И он начал чертить на листе бумаги линии и углы, соединенные маленькими символами, и что-то бормотать над ними, записывая уравнение.
Совсем свихнулся, подумала я. Бедный Коля.
За несколько недель до смерти, лежа на больничной койке, обложенная подушками, мама начала волноваться. Соединенная проводами с монитором, показывавшим грустную пульсацию ее сердца, она жаловалась на общую палату, где уединиться можно только за быстро задергивающейся шторой, и на докучливое сопение, кашель и храп стариков. Она вздрагивала от прикосновения безликих, коротких пальцев молодого медбрата, приходившего склеить провода над сморщенной грудью, случайно оголявшейся под больничным халатом. Она была просто больной старой женщиной. Какое кому дело до ее мыслей?

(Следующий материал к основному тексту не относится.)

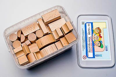 Комплектность: кубики (25*25*25 мм) – 19 шт., цилиндры большие (диаметр 25 мм, высота 50 мм) – 4 шт., цилиндры малые (диаметр 25 мм, высота 25 мм) – 4 шт., параллелепипеды-кирпичики (50*25*12,5 мм) – 16 шт., параллелепипеды-столбики (50*12,5*12,5 мм) – 10 шт., параллелепипеды-полукирпичики (25*25*12,5 мм) – 12 шт., арка большая диаметром 48 мм – 4 шт., арка малая диаметром 24 мм – 4 шт., полуцилиндр диаметром 24 мм – 4 шт., четверть цилиндра (диаметр 24 мм, высота 25 мм) – 4 шт., кубик (25*25*25 мм) с вырезом под четверть цилиндра – 8 шт., призма треугольная большая (35*25*25 мм) – 10 шт., призма треугольная малая (25*17*17 мм) – 12 шт., карточки – 8 шт., руководство по эксплуатации – 1 шт.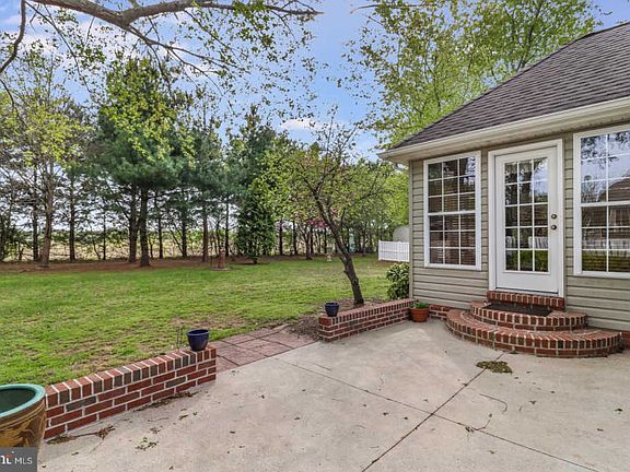 Pristine Contemporary on a premium tree lined lot backing to farmland in The Orchards. 4 bedrooms, 2 baths, Master on Main, and nearly 3000 square feet of living space including the finished basement. Grand foyer with genuine hardwood floors that extend into nearby formal living room which could also be used as a formal dining room. 25 x 15 Great Room includes vaulted ceiling, gas fireplace, stately columns, dramatic transom opening to kitchen, and custom Amish-built cabinet. Eat-in kitchen shines with newer stainless appliances, oversized sink, large pantry, brass pot rack, natural stone accents. Enjoy the beautiful back yard view from the adjoining Sun Room which flows out to the patio. Spacious Master Suite with dual closets, dual sinks, and garden tub. Bedrooms 2 and 3 are tucked neatly beyond the French doors off the foyer along with the second bathroom. Private 4th bedroom upstairs with separate HVAC and walk-in attic access. Basement includes 2 finished rooms which could be used for a home office, rec room, home gym, or hobby space. Large utility room is perfect for storage with space for a workshop. Owners attention to detail extends outside with an Amish-built shed, maintenance free fencing, custom brick steps, matching shutters on all sides, and extended driveway for additional parking. 2-car side entry garage includes work bench. Owners insulated interior walls during the building process. High rise toilets were added in both bathrooms for comfort. All custom blinds and window treatments included for the new owners to enjoy! Pride of ownership is evident around every corner in this turn key home in the award winning Caesar Rodney School District. 5 minutes to DAFB with quick access to Routes 1 and 13.

Уйти из жизни труднее, чем кажется, сказала она. Прежде чем почить с миром, многое нужно уладить. Кто позаботится о Коле? Только не дочери — они девочки неглупые, но склочные. Что их ждет? Будут ли они счастливы? Смогут ли обеспечить их те симпатичные, но никчемные мужчины, с которыми они связали свои судьбы? И три внучки — такие хорошенькие, а до сих пор без мужей. Так много всего еще надо решить, а силы уже на исходе.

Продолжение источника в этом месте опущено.